- _To do_: Exactly and only the lines below from the one containing "Printed Pattern Bikini" down to the one containing "Сушилка для овощей" are wanted, both included; please exclude every picture.

- _Data section_:
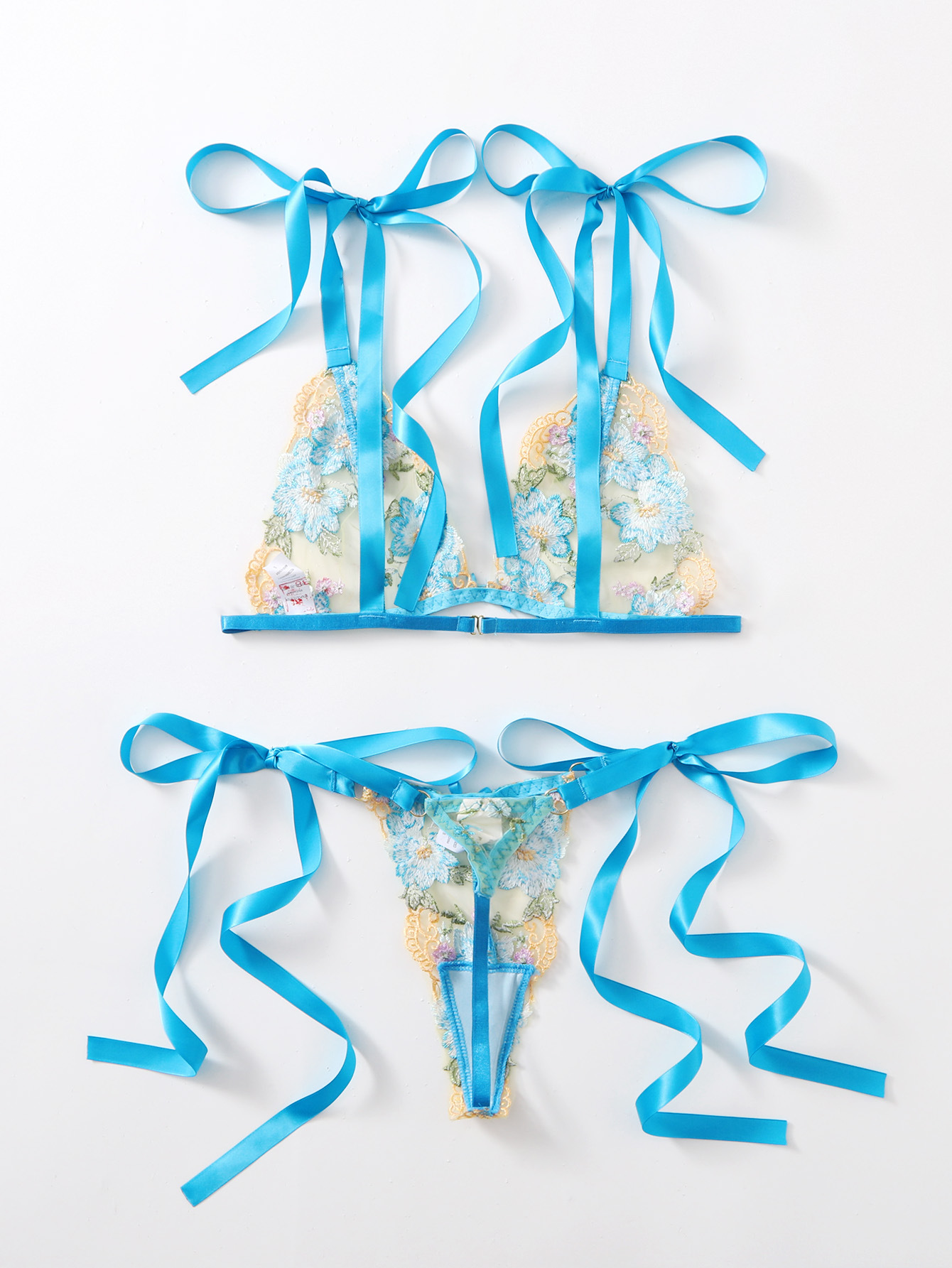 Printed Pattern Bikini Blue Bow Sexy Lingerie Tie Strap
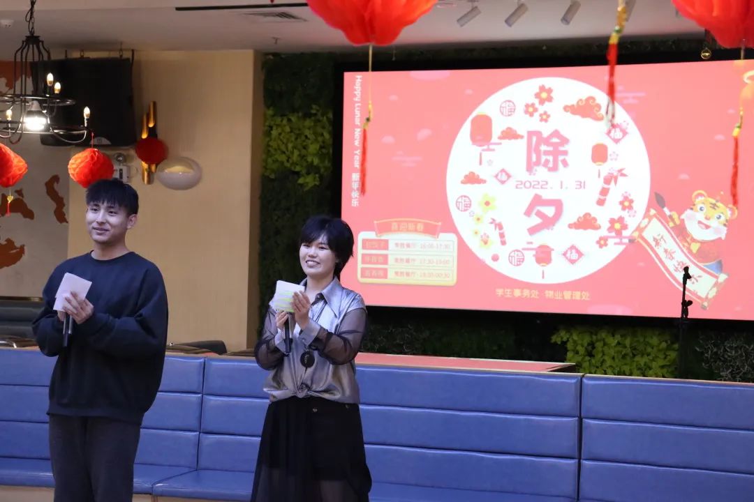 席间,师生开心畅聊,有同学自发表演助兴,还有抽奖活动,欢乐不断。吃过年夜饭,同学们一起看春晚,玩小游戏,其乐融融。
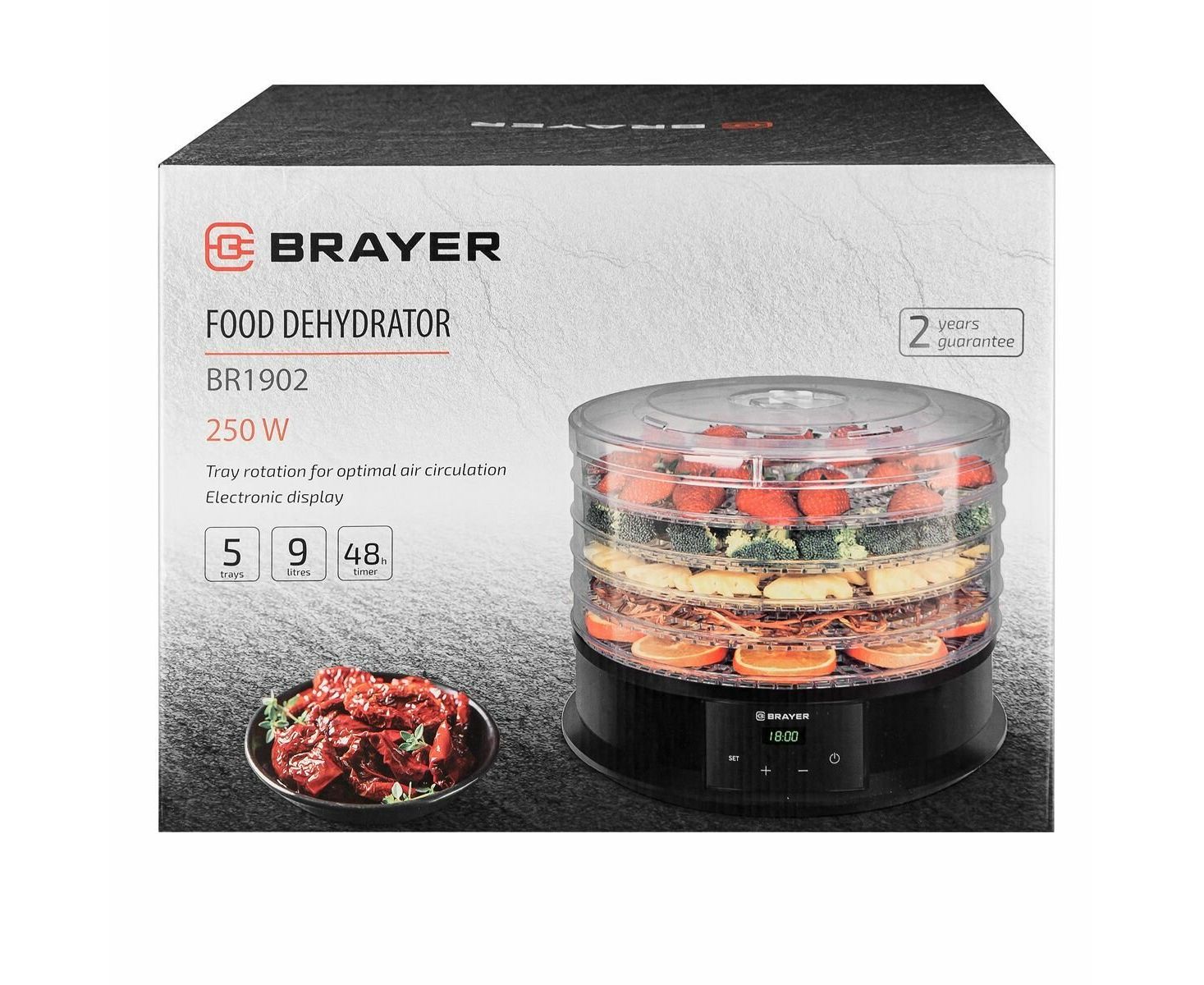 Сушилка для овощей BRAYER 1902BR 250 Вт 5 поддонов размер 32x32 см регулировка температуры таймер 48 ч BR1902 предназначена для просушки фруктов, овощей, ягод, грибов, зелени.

==

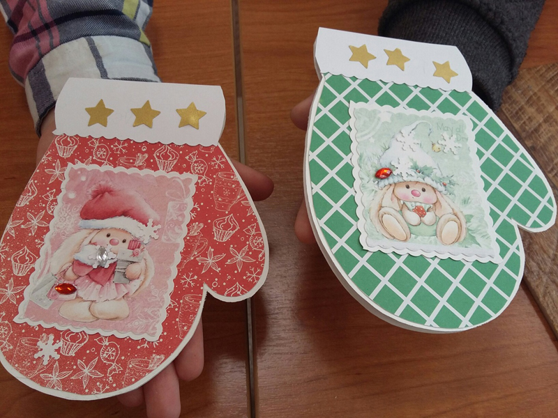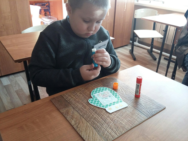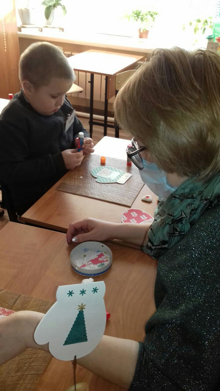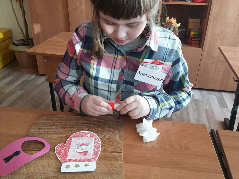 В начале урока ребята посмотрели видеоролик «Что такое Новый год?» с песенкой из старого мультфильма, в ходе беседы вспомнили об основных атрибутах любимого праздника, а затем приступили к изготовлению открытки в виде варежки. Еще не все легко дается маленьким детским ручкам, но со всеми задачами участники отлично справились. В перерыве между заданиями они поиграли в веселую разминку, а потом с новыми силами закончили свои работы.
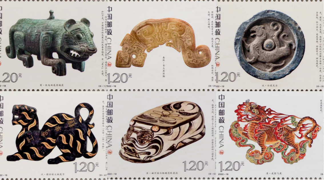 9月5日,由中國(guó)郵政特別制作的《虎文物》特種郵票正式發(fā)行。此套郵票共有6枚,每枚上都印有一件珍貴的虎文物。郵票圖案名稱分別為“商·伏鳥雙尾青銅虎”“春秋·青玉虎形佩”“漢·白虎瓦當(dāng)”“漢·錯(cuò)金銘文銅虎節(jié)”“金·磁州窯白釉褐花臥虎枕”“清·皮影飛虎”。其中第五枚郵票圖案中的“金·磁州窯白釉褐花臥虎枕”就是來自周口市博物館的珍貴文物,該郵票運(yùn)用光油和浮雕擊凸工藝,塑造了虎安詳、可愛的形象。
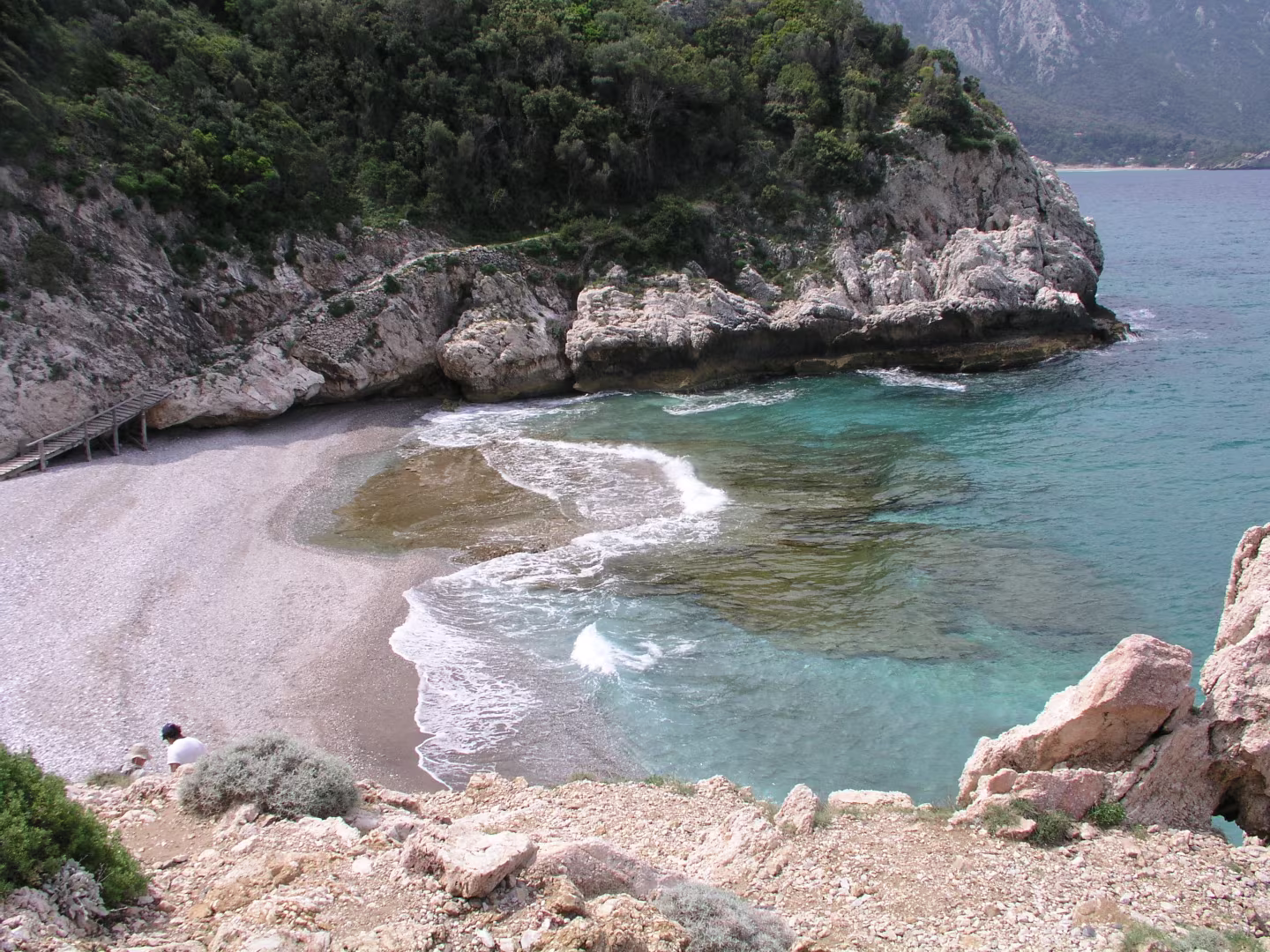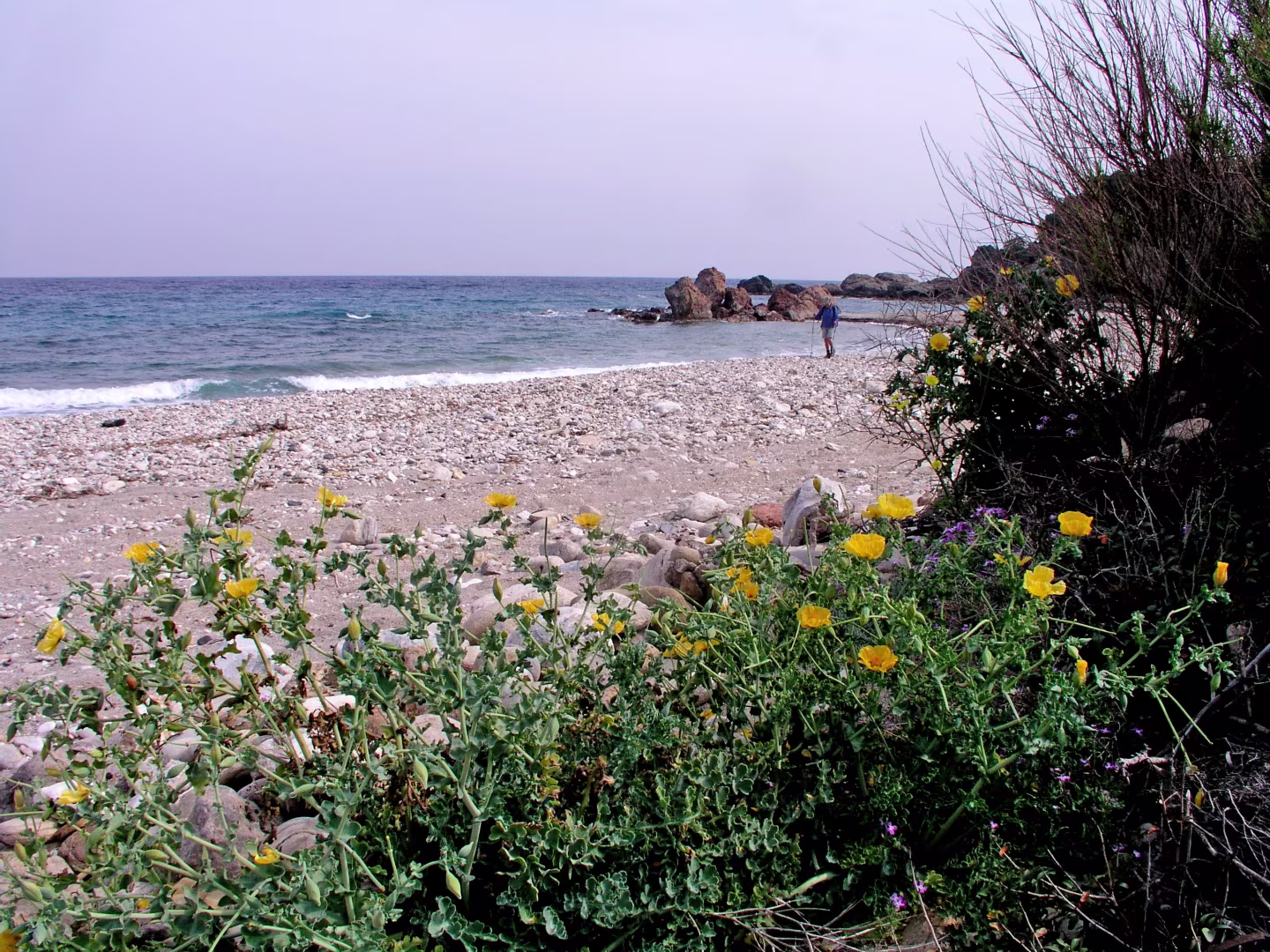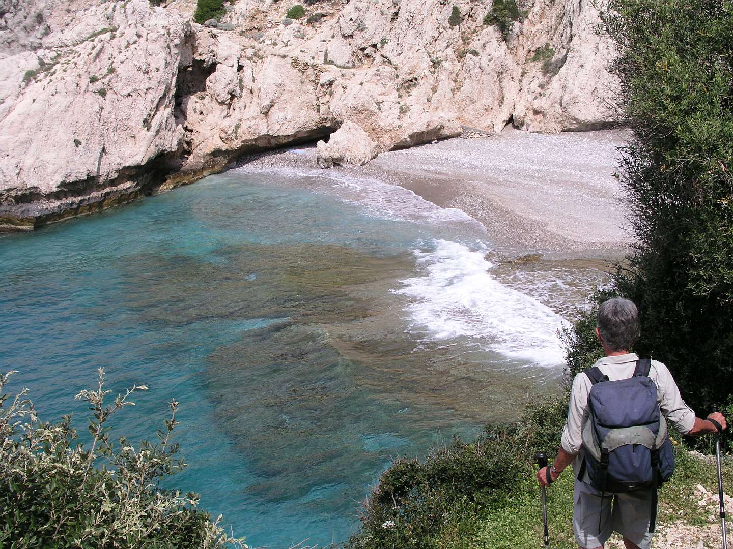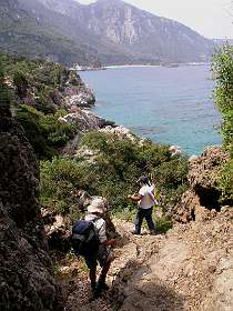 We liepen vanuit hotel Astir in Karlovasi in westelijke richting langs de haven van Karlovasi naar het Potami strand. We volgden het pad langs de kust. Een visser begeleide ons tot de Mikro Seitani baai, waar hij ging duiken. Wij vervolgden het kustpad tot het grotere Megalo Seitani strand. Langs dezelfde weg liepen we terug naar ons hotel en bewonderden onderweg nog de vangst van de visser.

==

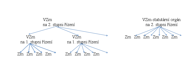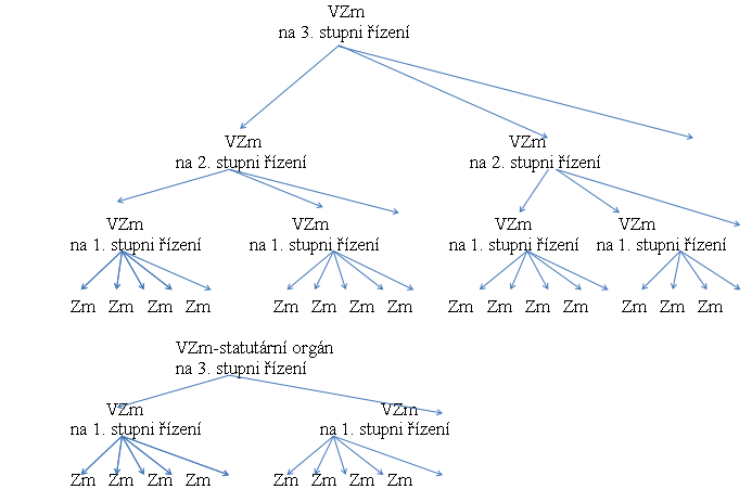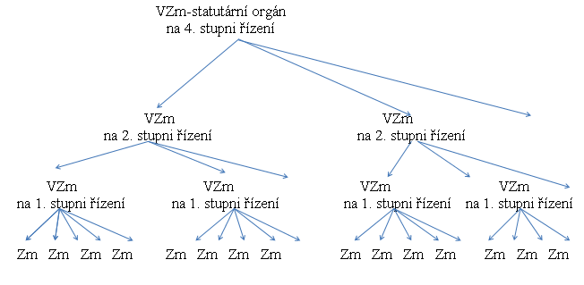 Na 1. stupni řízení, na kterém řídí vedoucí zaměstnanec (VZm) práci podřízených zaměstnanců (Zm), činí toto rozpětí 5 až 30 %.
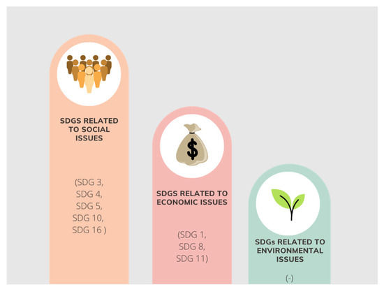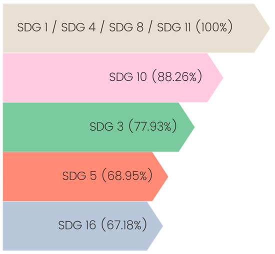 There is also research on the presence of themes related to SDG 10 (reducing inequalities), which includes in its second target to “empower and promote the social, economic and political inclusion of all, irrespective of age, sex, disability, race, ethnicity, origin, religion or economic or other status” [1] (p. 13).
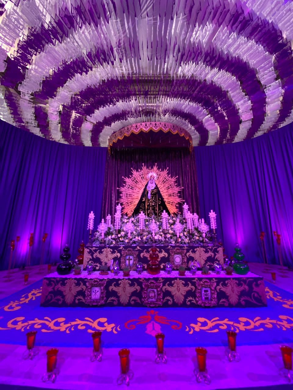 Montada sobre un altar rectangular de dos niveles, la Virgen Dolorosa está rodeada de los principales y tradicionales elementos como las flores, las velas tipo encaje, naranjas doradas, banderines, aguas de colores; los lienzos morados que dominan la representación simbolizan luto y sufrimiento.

- _Written solution_:
 Printed Pattern Bikini Blue Bow Sexy Lingerie Tie Strap
 席间,师生开心畅聊,有同学自发表演助兴,还有抽奖活动,欢乐不断。吃过年夜饭,同学们一起看春晚,玩小游戏,其乐融融。
 Сушилка для овощей BRAYER 1902BR 250 Вт 5 поддонов размер 32x32 см регулировка температуры таймер 48 ч BR1902 предназначена для просушки фруктов, овощей, ягод, грибов, зелени.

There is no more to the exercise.